------ Available data ------

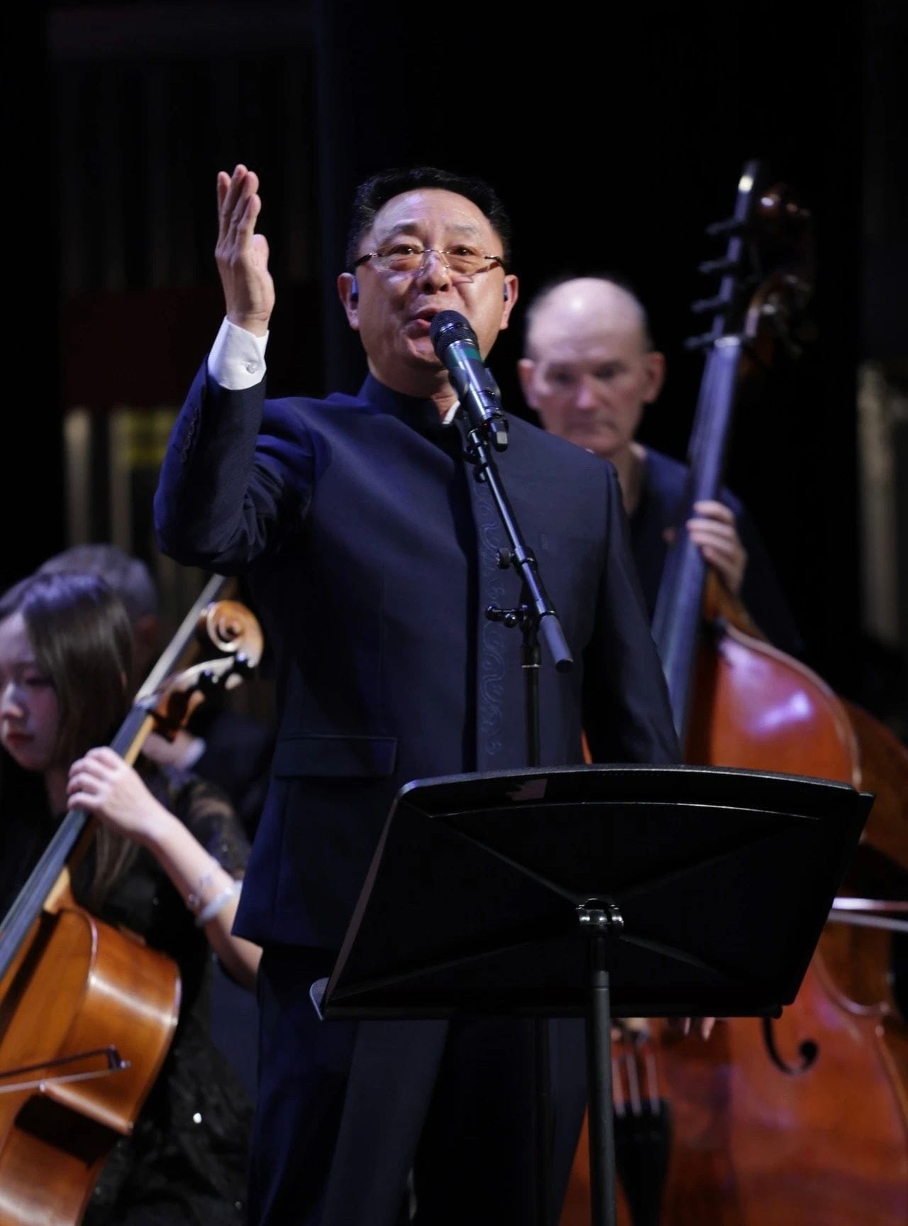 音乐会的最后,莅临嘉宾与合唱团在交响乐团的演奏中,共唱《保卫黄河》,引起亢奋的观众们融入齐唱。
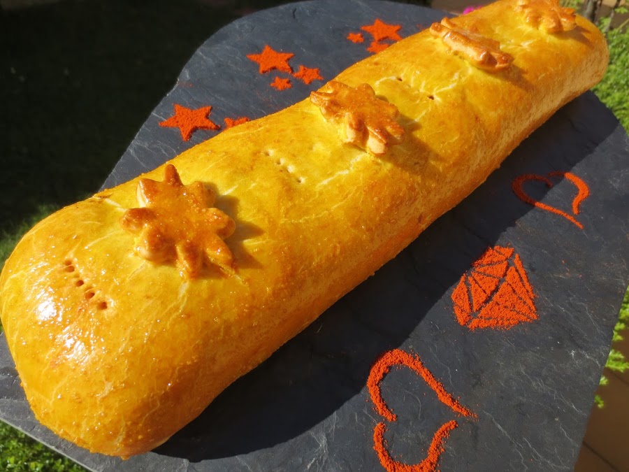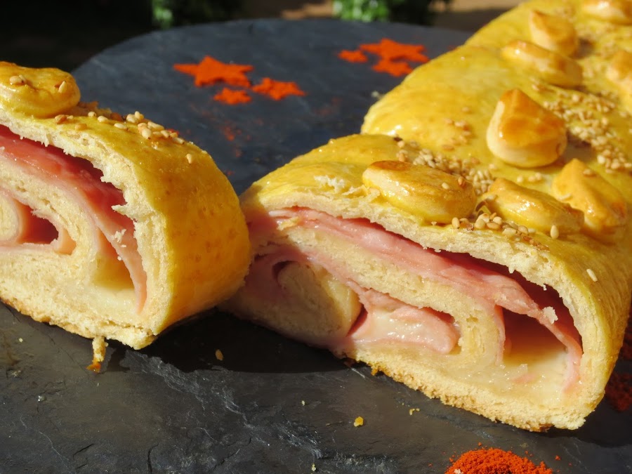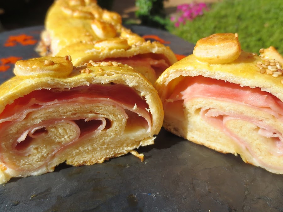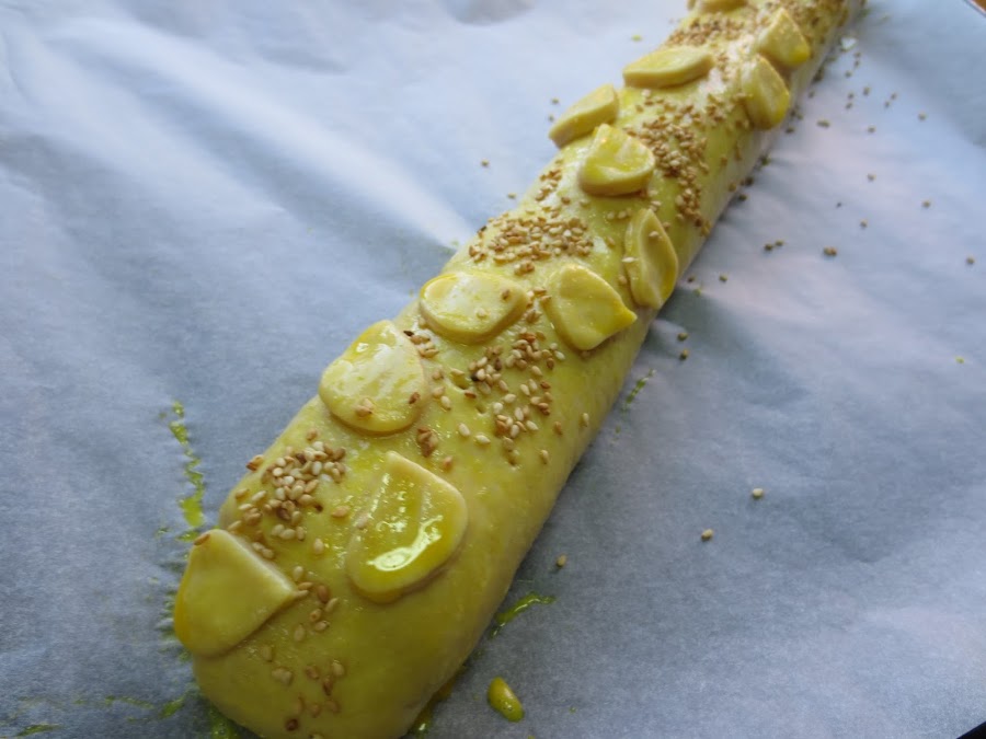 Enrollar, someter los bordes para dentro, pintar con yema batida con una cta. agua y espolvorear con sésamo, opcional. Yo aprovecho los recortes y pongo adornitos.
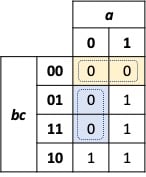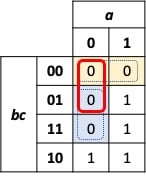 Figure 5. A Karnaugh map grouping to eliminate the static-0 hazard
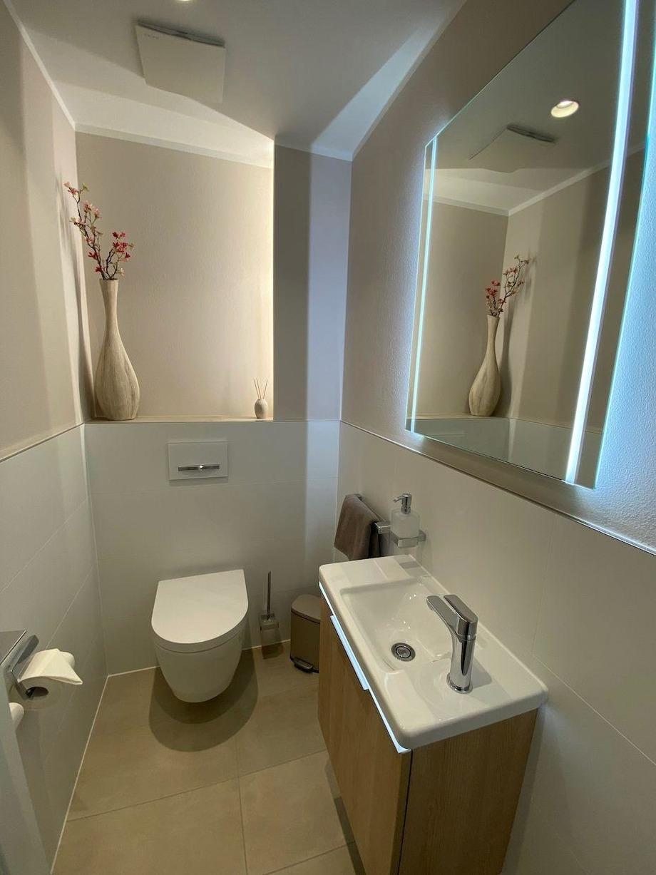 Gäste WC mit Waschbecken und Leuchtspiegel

------

Your copy must begin at the line containing "Enrollar, someter los" and end at the last line of the material above. Reproduce each line exactly, but not the pictures.

> [Answer for this exercise]
 Enrollar, someter los bordes para dentro, pintar con yema batida con una cta. agua y espolvorear con sésamo, opcional. Yo aprovecho los recortes y pongo adornitos.
 Figure 5. A Karnaugh map grouping to eliminate the static-0 hazard
 Gäste WC mit Waschbecken und Leuchtspiegel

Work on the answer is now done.